Nationwide, a family earning the median income – the exact middle of all incomes – would have to spend 22 percent of its pretax pay this year on mortgage payments to buy the median-priced house, according to an analysis by Moody’s, a research company… it remains well below the levels of the early 1980’s, when it topped 30 percent.

But median family incomes ain’t what they used to be—and comparing family incomes over more than two decades is a case of comparing apples to oranges. To wit: family incomes today are much more likely to include two incomes (even two full-time incomes) than they were in the early ’80s when many families were supported by a single primary breadwinner. So—to be overly simplistic with the data for a moment—22 percent of two incomes buys what 30 percent of just one income used to.

The good news here is that the share of women in the labor force has been steadily rising, as has the share of women working full time. Women are also steadily closing the pay gap with men.
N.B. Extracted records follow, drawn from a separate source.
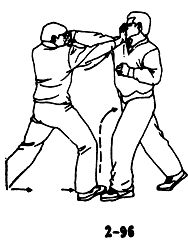 Продолжайте вашу контратаку. Раскройте пальцы правой руки, захватите ими противника и пригните его вниз до уровня живота. Разверните корпус влево на 90°, образуя стойку цибу. Одновременно кулаком правой руки нанесите резкий удар сверху вперед—вниз. Взгляд — на правый кулак. Практические действия: воспользуйтесь тем, что противник нагнулся вперед, закрывая живот, левой рукой захватите противника и пригните его вниз. Одновременно правым кулаком нанесите противнику удар сверху вниз по затылку, (см.: рис. 2-106).
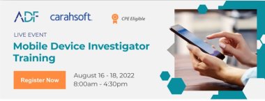 ADF Solutions is excited to offer a complimentary, hands-on, instructor-led training for Mobile Device Investigator® (MDI), and a free 6-month license and MDI User Certificate to all attendees upon completion of the training! Attendees will learn how to configure MDI, operate the mobile phone forensic software and interpret results.
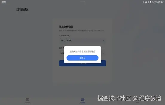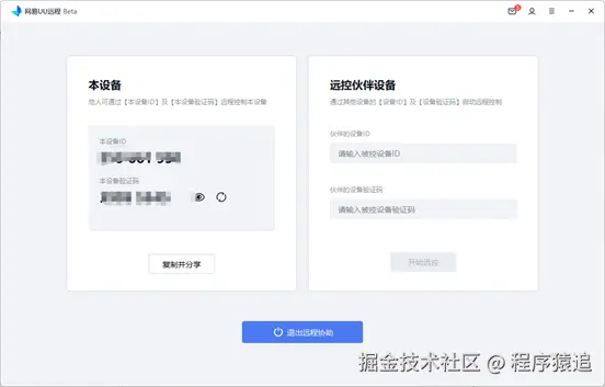 而且单看界面是找不到入口的,只有点击底部的【远程协助】才看到本设备和填入远程伙伴设备。uu这种简约设计虽然降低了用户学习成本,也使得它在安全功能上缺少更细致的权限控制选项。
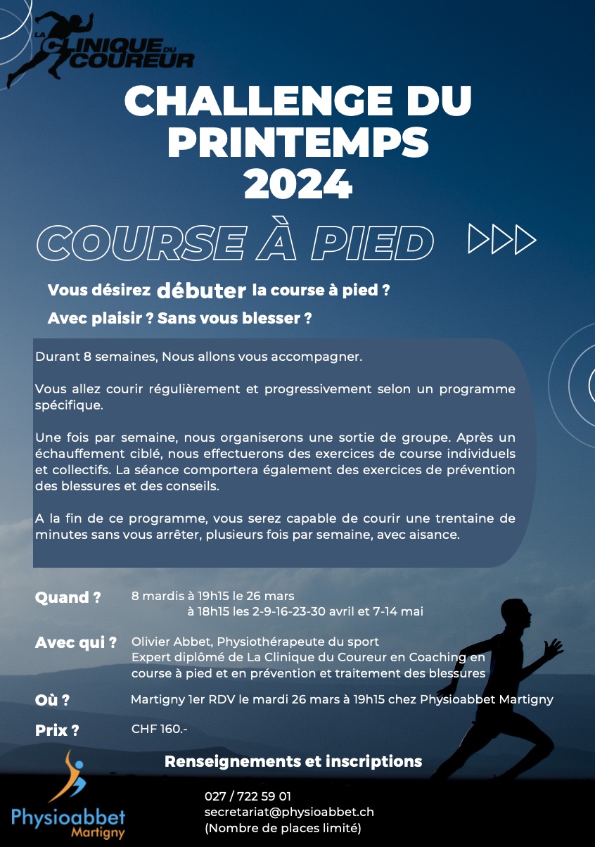 Depuis lors, il est notamment intervenu à la Journée valaisanne de la Physiothérapie et a fait venir à Fully Blaise Dubois, fondateur et président de la Clinique du Coureur, en organisant 3 journées de formation de base.
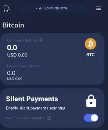 Once the scan is complete, Silent Payment verification automatically turns off upon reaching the latest block.
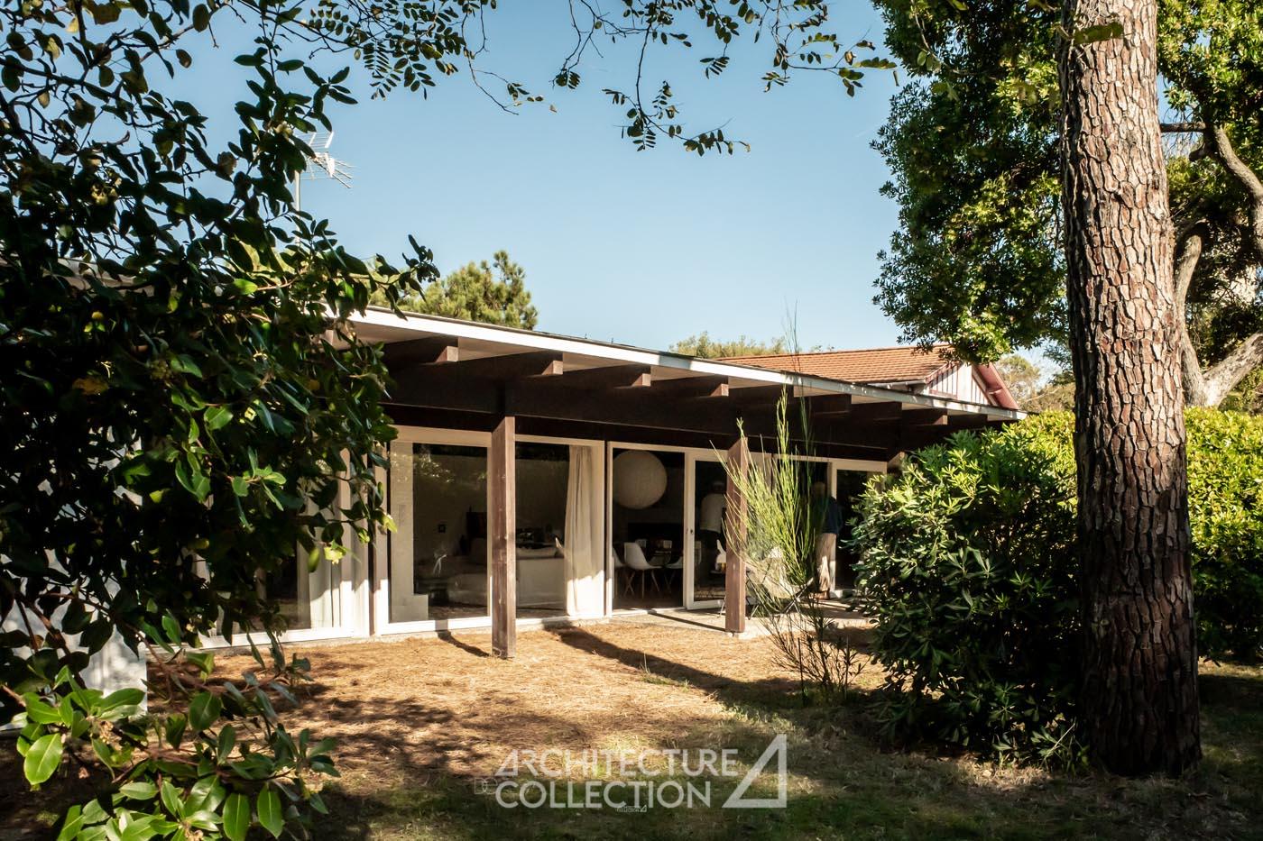 Entre forêt et océan, cette maison de plain-pied conçue par l’architecte Louis Gombeaud incarne l’essence du modernisme de la côte atlantique. Elle se présente comme un manifeste architectural discret, où la lumière, le bois et le paysage dialoguent.
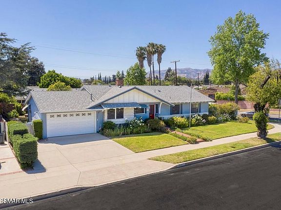Outstanding 4 bedroom 2 bathroom premier corner lot, with spa, R/V access, and one of the largest lots in the neighborhood! This home features an open floorplan with plenty of room to spread out. As you walk through the front door you will find all 4 bedrooms on the right side of the home. The master bedroom has an ensuite updated bathroom with walk-in shower & additional storage further down the hallway you will find an updated guest bathroom with large soaking tub and newer vanity. Kitchen includes custom built-ins, butlers pantry plus Island and plenty of light. The kitchen opens up to dining area and flows into the generously sized family room with large brick fireplace. Adjacent to the family room is the spacious, light and bright patio enclosure, a great space to use as a living room or game room with access to covered patio's, spa, fire pit, and large yard with grass plenty of mature vegetation . Yard has plenty of room for an ADU or basketball hoop! Additional features include newer Roof, water heater and Ice Cold-AC, one Car finished garage. Close to restaurants, shopping the 405 and 118 freeways and the University of Northridge
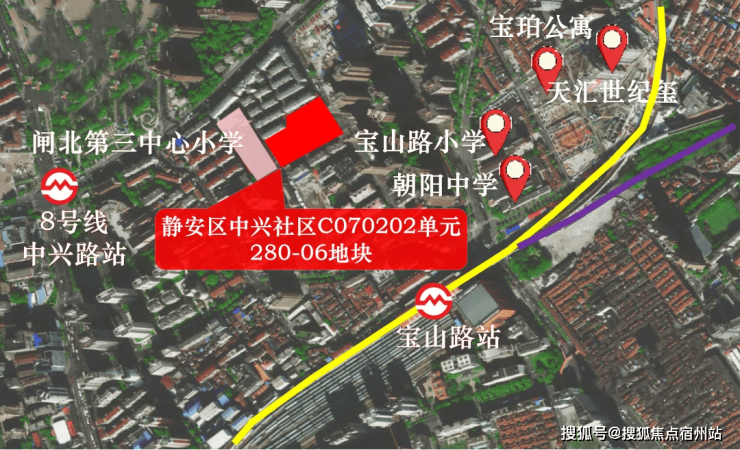地块北侧象山小区、西侧是静安区闸北第三中心小学。
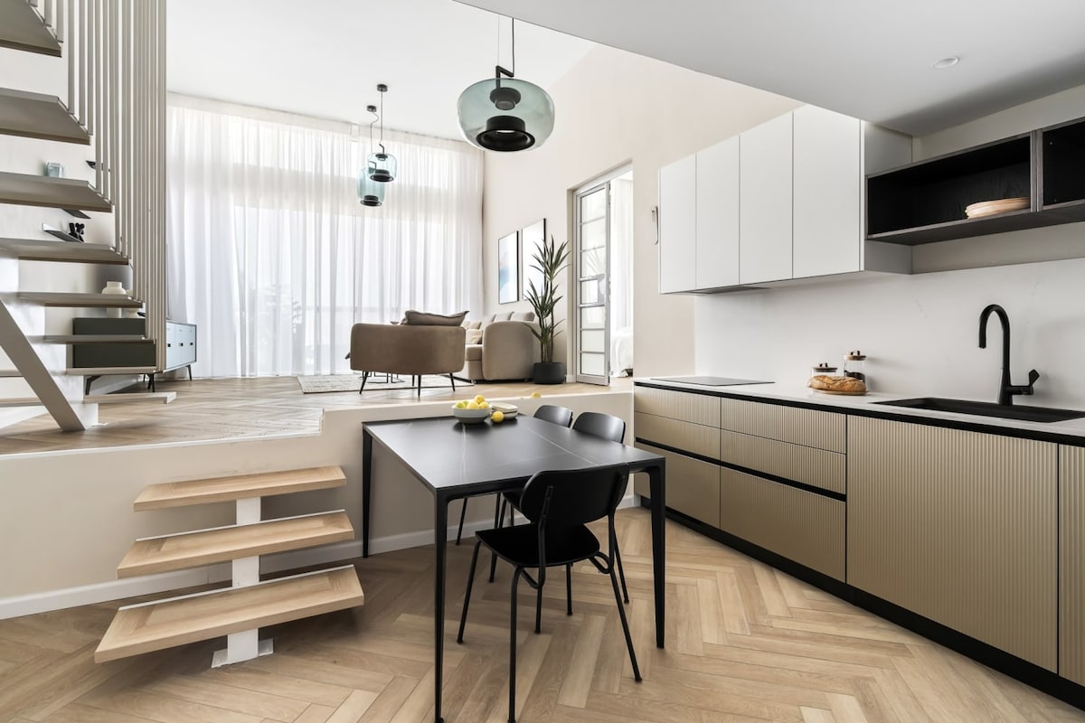Welcome to our stunning renovated penthouse nestled in the heart of TLV, mere moments from the shimmering beach. Occupying the top floor of a meticulously preserved Bauhaus building, this apartment offers an unbeatable blend of historic charm and modern. a world of sophisticated elegance as soon as you open the door. The highend interior design of this penthouse pays homage to the Bauhaus style,The spacious, open layout creates an inviting atmosphere, perfect for relaxation or entertainment
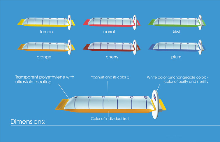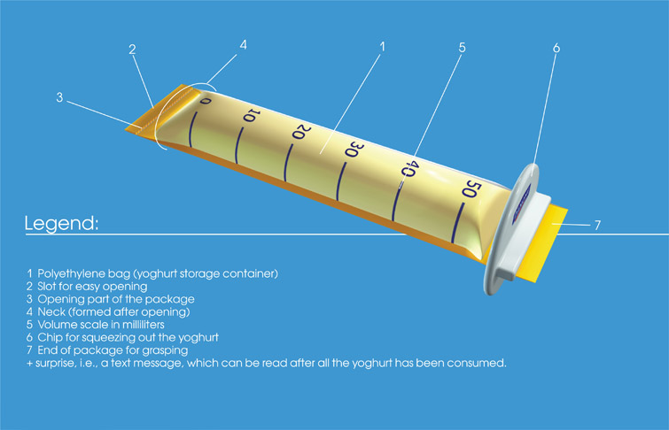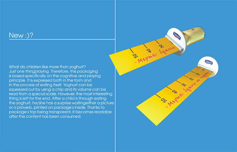 Концепция: Что любят дети больше йогурта? Только одно - играть. Именно познавательно-игровой принцип и лег в основу данной упаковки. Он выражен как в форме, так и в самом процессе еды. Содержимое йогурта можно выдавить с помощью фишки, а его количество узнать по специальной шкале. Но самое интересное оставлено на последок. Когда ребёнок съест йогурт, его ждет сюрприз - картинка или пословица. Она напечатана на внутренней стороне упаковки и благодаря прозрачности верхней части упаковки, становиться читабельной после извлечения содержимого.

And because women earn more advanced degrees than men, there’s reason to believe the gap may close or even eventually reverse. But the bad news is that families now commonly must employ both adults to make a grab for the brass ring of home ownership. Among other problems, that means substantially less wiggle room in family budgets because if one of the two wage earners falls on hard times, there’s no one who can enter the workforce to help pick up the slack.

And there are at least two other glaring problems with the NY Times reasoning.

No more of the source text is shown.